#### Your assignment:
Starting at the line that holds "Fotografia e mëposhtme", quote every line through the end of the records, both boundary lines included. Omit the pictures.

---- Material for this exercise

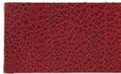
M-203 スカーレット (Scarlet)
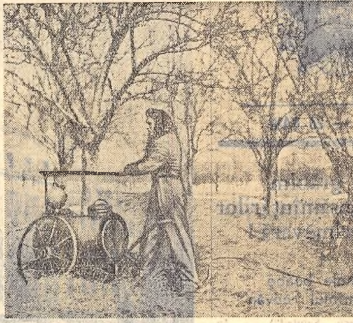
În aceste zile, munca în livezi este în toi. Se fac tăierile de formare în plantațiile tinere, se execută curățirea de uscături și tăierile de fructificare în plantațiile pe rod și se continuă stropirile.

În clipa: La gospodăria de stat Pantelimon, muncitoarele din brigada pomologică a secției a II-a hortiviticole execută stropirea a doua în plantația de cași.
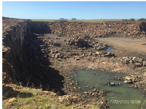
Ilustración 7 – P03, Cantera desactivada con autorización del DDO para la no realización de las tareas de recuperación previstas en el PRA
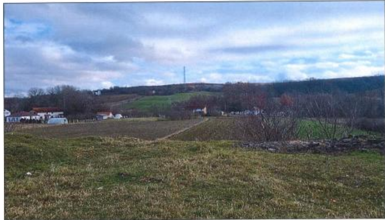
Pamje e parcelës nr.199-3 z.k Dranashiq, Klinë.

Fotografia e mëposhtme prezanton gjendjen e parcelës nr.199-3 z.k Dranashiq, Klinë:
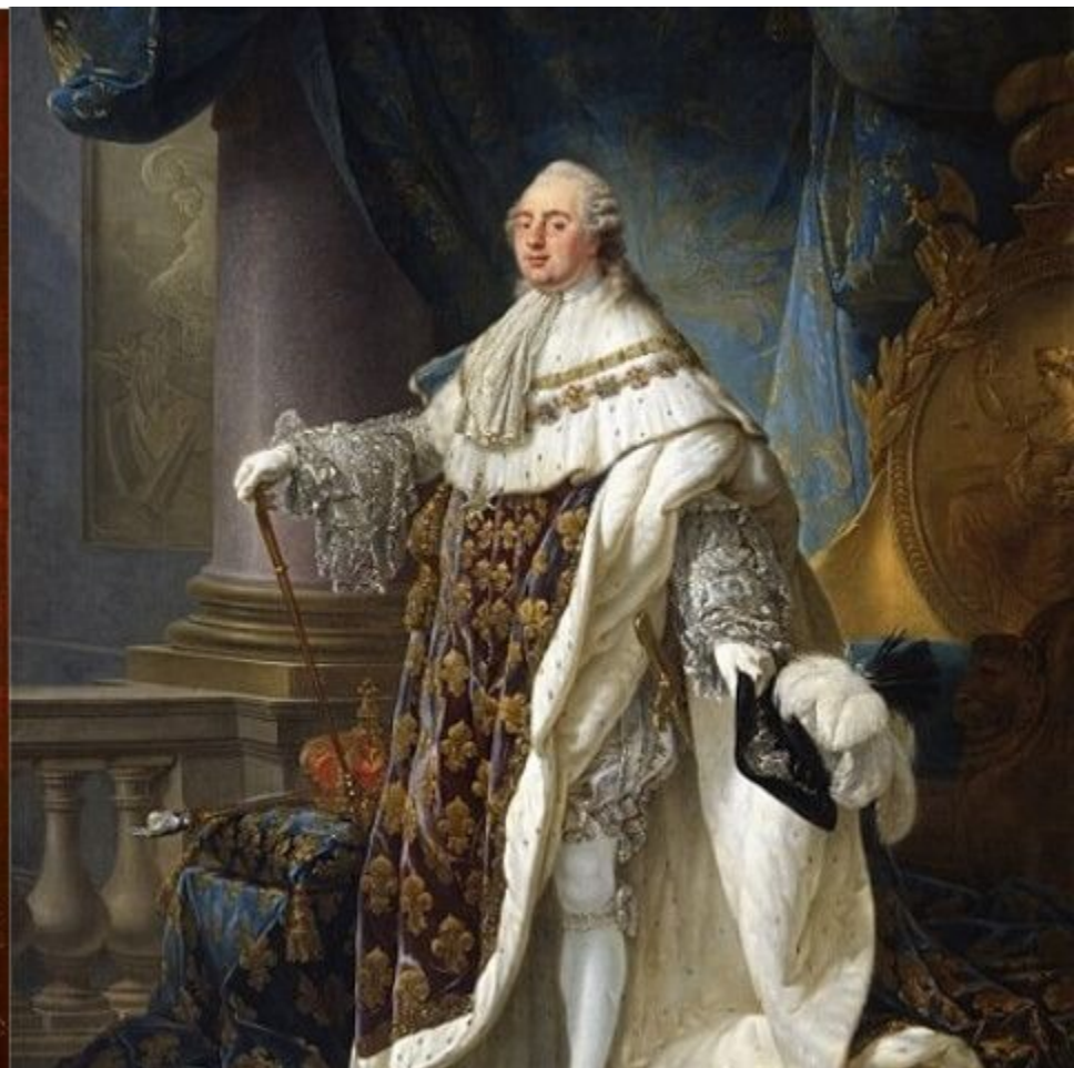
Мария-Антуанетта и ее супруг Людовик XVI

--------

#### Problem solution:
Fotografia e mëposhtme prezanton gjendjen e parcelës nr.199-3 z.k Dranashiq, Klinë:
Мария-Антуанетта и ее супруг Людовик XVI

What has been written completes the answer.